This is a very interesting insight. I wasn''t even aware of the
erase-block issue, so I did some reading up on it...
>
> As you increase the successive COW generation count, the file''s
file-
> system/write blocks will be spread thru more and more erase-blocks,
> basically fragmentation but of the SSD-critical type, into more and more
> erase blocks, thus affecting modification and removal time but not read
> time.
OK, so time to write would increase due to fragmentation and writing,
it now makes sense (though I don''t see why small writes would affect
this, but my concerns are not writes anyway), but why would cp
--reflink time increase so much. Yes, new extents would be created,
but btrfs doesn''t write into data blocks, does it? I figured its
metadata would be kept in one place. I figure the only thing BTRFS
would do on cp --reflink=always:
1. Take a collection of extents owned by source.
2. Make the new copy use the same collection of extents.
3. Write the collection of extents to the "directory".

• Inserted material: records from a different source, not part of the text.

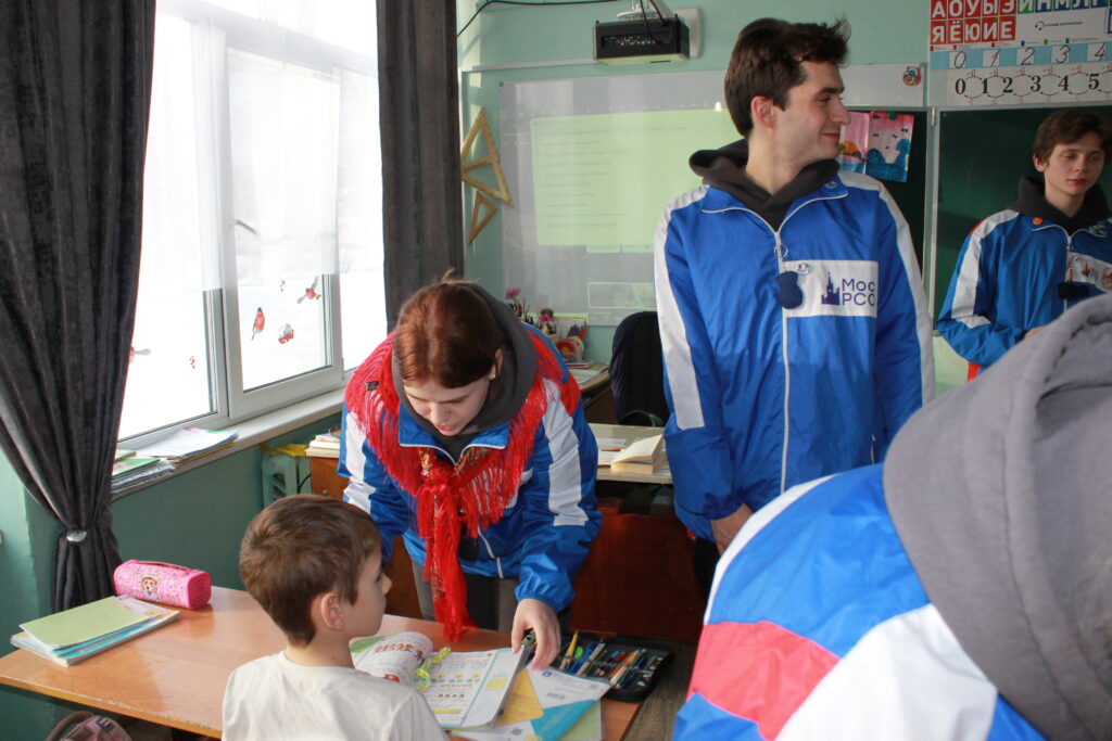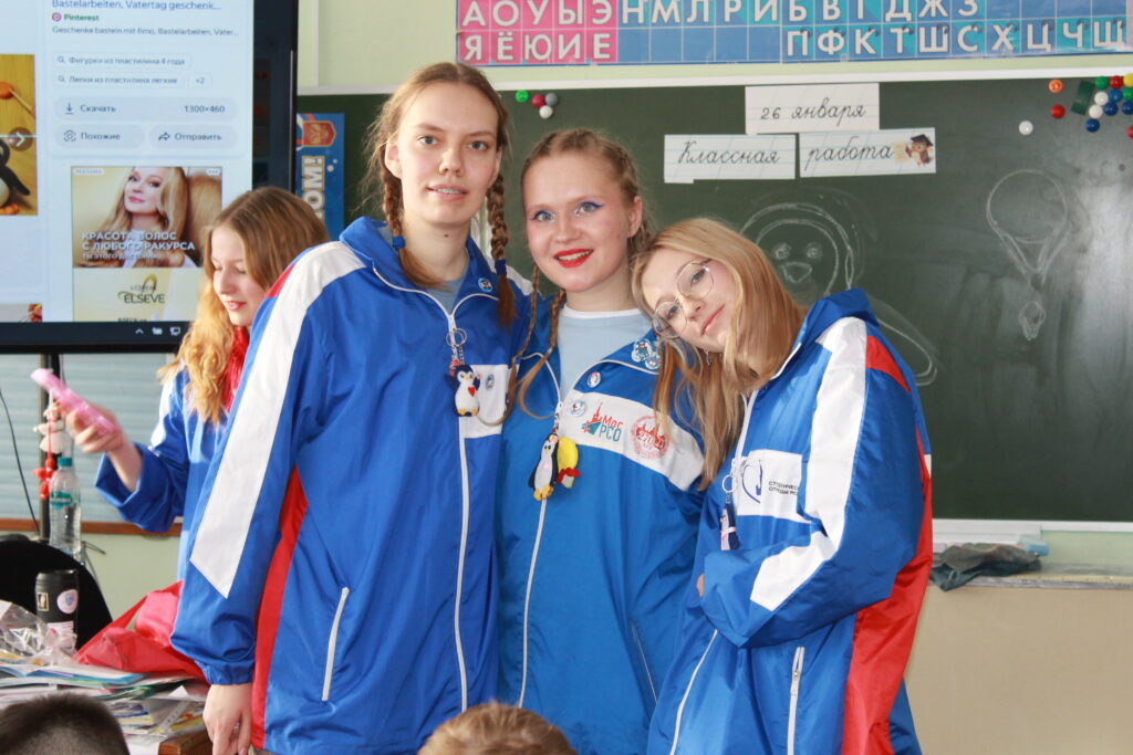 Участники Всероссийской патриотической акции «Снежный десант» посетили Космодемьянскую школу, где провели занятия для учеников шестых классов.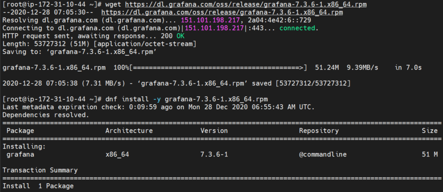 dnf install -y grafana-7.3.6-1.x86_64.rpm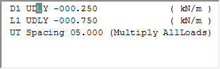 Pick the upper of the two loads to set the cursor focus to it and change the load to D1 UDLY -000.250 (kN/m) by overtyping the - 000.000 value.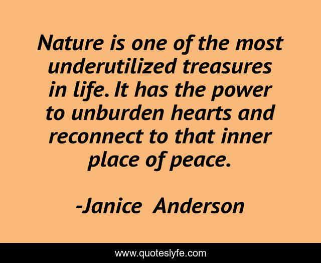 This page presents the quote "Nature is one of the most underutilized treasures in life. It has the power to unburden hearts and reconnect to that inner place of peace.". Author of this quote is Janice Anderson. This quote is about relationships, mountains, enlightenment, love, hiking, nature, forgiveness, mind-body-connection, peace,.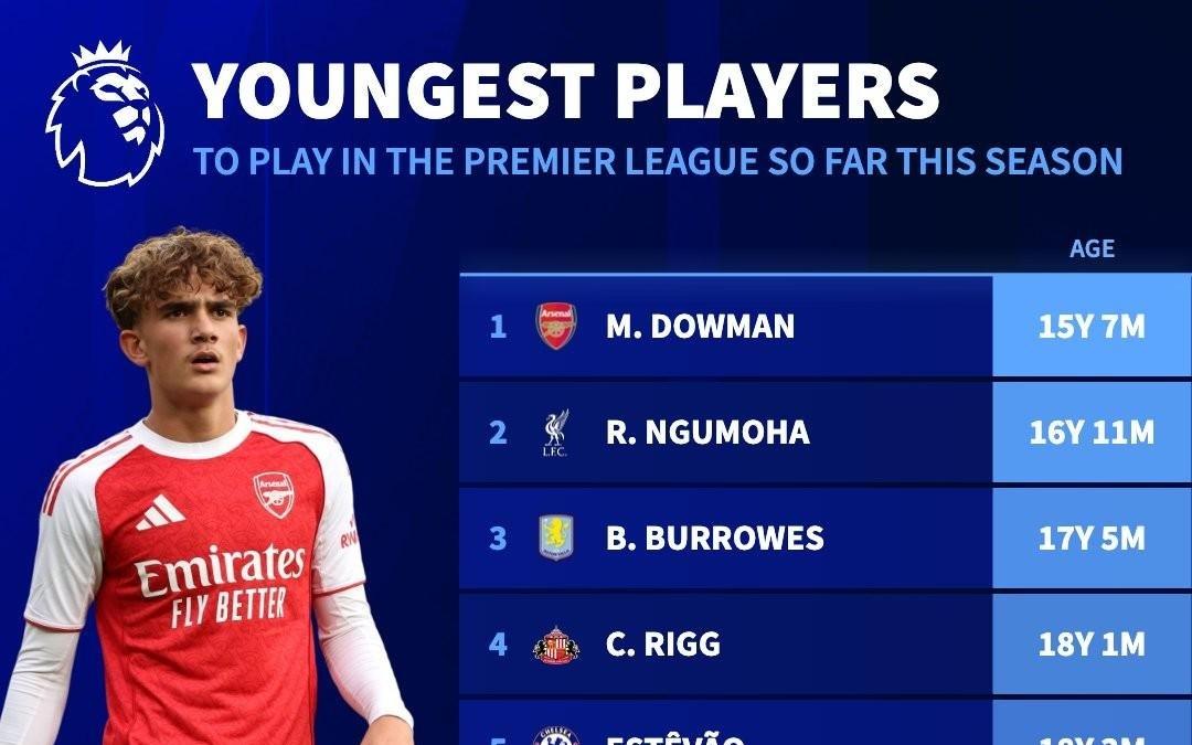 英超本赛季最年轻出场球员TOP10:道曼居首,阿森纳占3席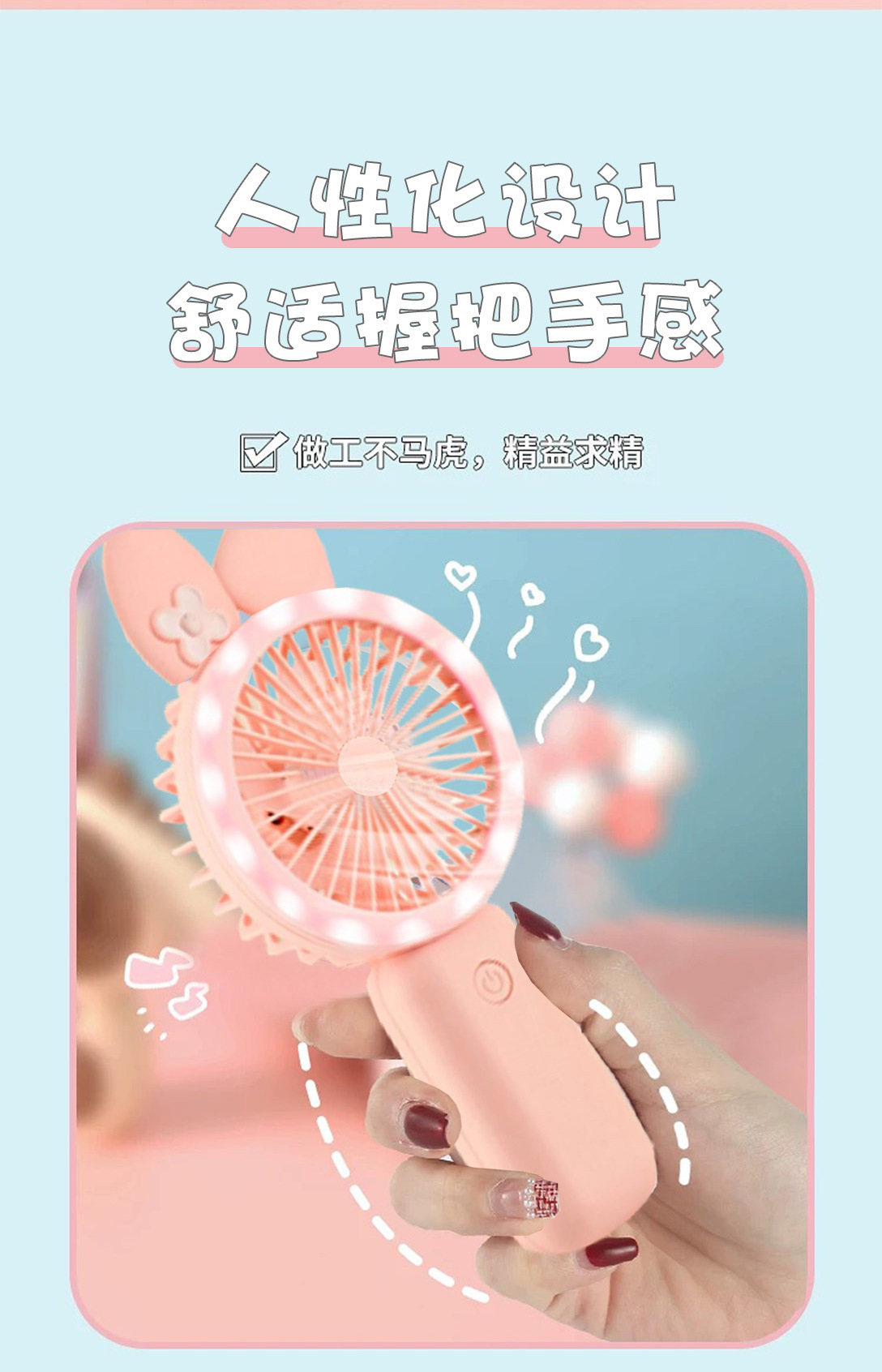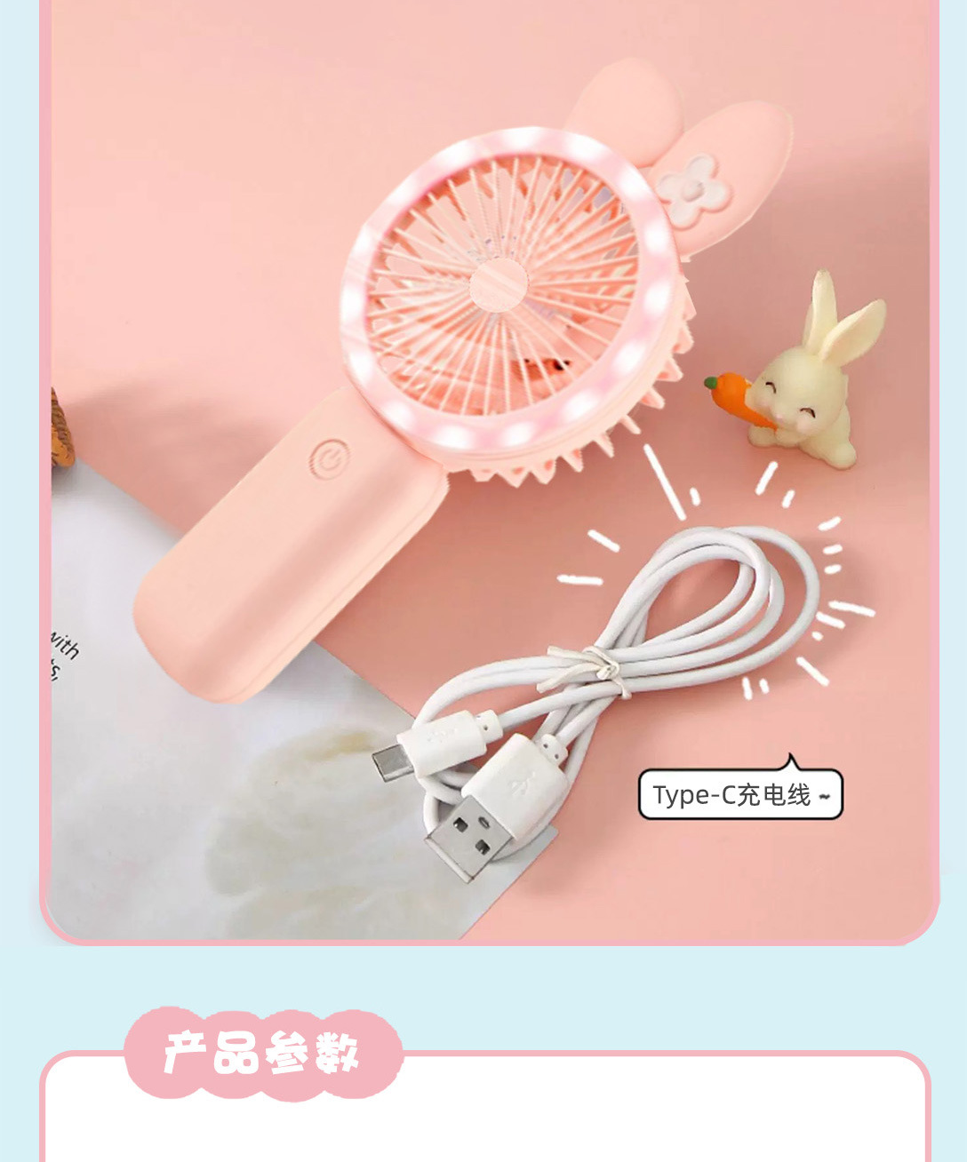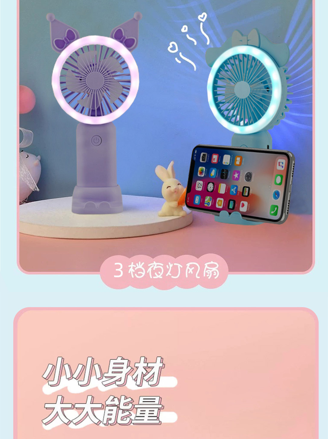 新款可爱手持小风扇usb充电迷你风扇学生便携三档带灯电风扇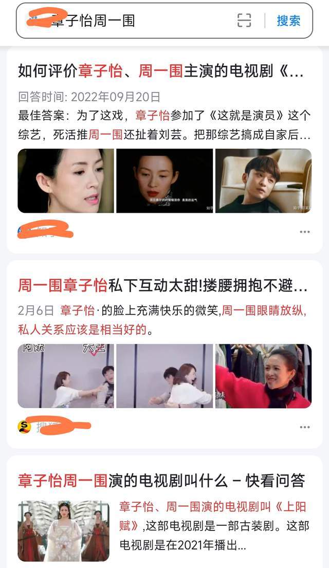 5、搜索“章子怡和z姓艺人”,出来的结果是章子怡和周一围的《上阳赋》和一些综艺节目,两人那时候就被网友吐槽过于亲密。

Now this process seems to be CPU intensive. When I remove or make a
reflink copy, one core pikes up to 100%, which tells me that there''s a
performance issue there, not an ssd issue. Also, only one CPU thread
is being used for this. I figured that I can improve this by some
setting. Maybe thread_pool mount option? Are there any updates in
later kernels that I should possibly pick up?
>
> IIRC I saw a note about this on the wiki, in regard to the nodatacow
> mount-option.  Let''s see if I can find it again.  Hmm... yes...
>
> http://btrfs.ipv5.de/index.php?title=Getting_started#Mount_Options
>
> In particular this (for nodatacow, read the rest as there''s
additional
> implications):
>
>>>>>>
> Performance gain is usually < 5% unless the workload is random writes to
> large database files, where the difference can become very large.
> <<<<<
>
Unless I am wrong, this would disable COW completely and reflink copy.
Reflinks are a crucial component and the sole
reason I picked BTRFS for the system that I am writing for my company.
The autodefrag option addresses multiple writes. Writing is not the
problem, but cp --reflink should be near-instant. That was the reason
we chose BTRFS over ZFS, which seemed to be the only feasible
alternative. ZFS snapshot complicate the design and deduplication copy
time is the same as (or not much better than) raw copy.
> In addition to nodatacow, see the note on the autodefrag option.
>
> IOW, with the repeated generations of random-writes to cow-copies,
you''re
> apparently triggering a cow-worst-case fragmentation situation.  It
> shouldn''t affect read-time much on SSD, but it certainly will
affect copy
> and erase time, as the data and metadata (which as you''ll recall
is 2X by
> default on btrfs) gets written to more and more blocks that need updated
> at copy/erase time,
>
>
> That /might/ be the problem triggering the freezes you noted that set off
> the original investigation as well, if the SSD firmware is running out of
> erase blocks and having to pause access while it rearranges data to allow
> operations to continue.  Since your original issue on "rotating
rust"
> drives was fragmentation, rewriting would seem to be something you do
> quite a lot of, triggering different but similar-cause issues on SSDs as
> well.
>
> FWIW, with that sort of database-style workload, large files constantly
> random-change rewritten, something like xfs might be more appropriate
> than btrfs.  See the recent xfs presentations (were they at ScaleX or
> LinuxConf.au? both happened about the same time and were covered in the
> same LWN weekly edition) as covered a couple weeks ago on LWN for more.
>
As I mentioned above, the COW is the crucial component of our system,
XFS won''t do. Our system does not do random writes. In fact it is
mainly heavy on read operation. The system does occasional "rotation
of rust" on large files in a way that version control system would
(large files are modified and then used as a new baseline)
> --
> Duncan - List replies preferred.   No HTML msgs.
> "Every nonfree program has a lord, a master --
> and if you use the program, he is your master."  Richard Stallman
>
> --
> To unsubscribe from this list: send the line "unsubscribe
linux-btrfs" in
> the body of a message to majordomo@vger.kernel.org
> More majordomo info at  http://vger.kernel.org/majordomo-info.html
Thanks for all your help on this issue. I hope that someone can point
out some more tweaks or added features/fixes after 3.2 RC5 that I may
do.
--
To unsubscribe from this list: send the line "unsubscribe linux-btrfs"
in
the body of a message to majordomo@vger.kernel.org
More majordomo info at  http://vger.kernel.org/majordomo-info.html

Nik Markovic

2012-Feb-24 21:33 UTC

head link

Re: Strange prformance degradation when COW writes happen at fixed offsets

To add... I also tried nodatasum (only) and nodatacow otions. I found
somewhere that nodatacow doesn''t really mean tthat COW is disabled.
Test data is still the same - CPU spikes and times are the same.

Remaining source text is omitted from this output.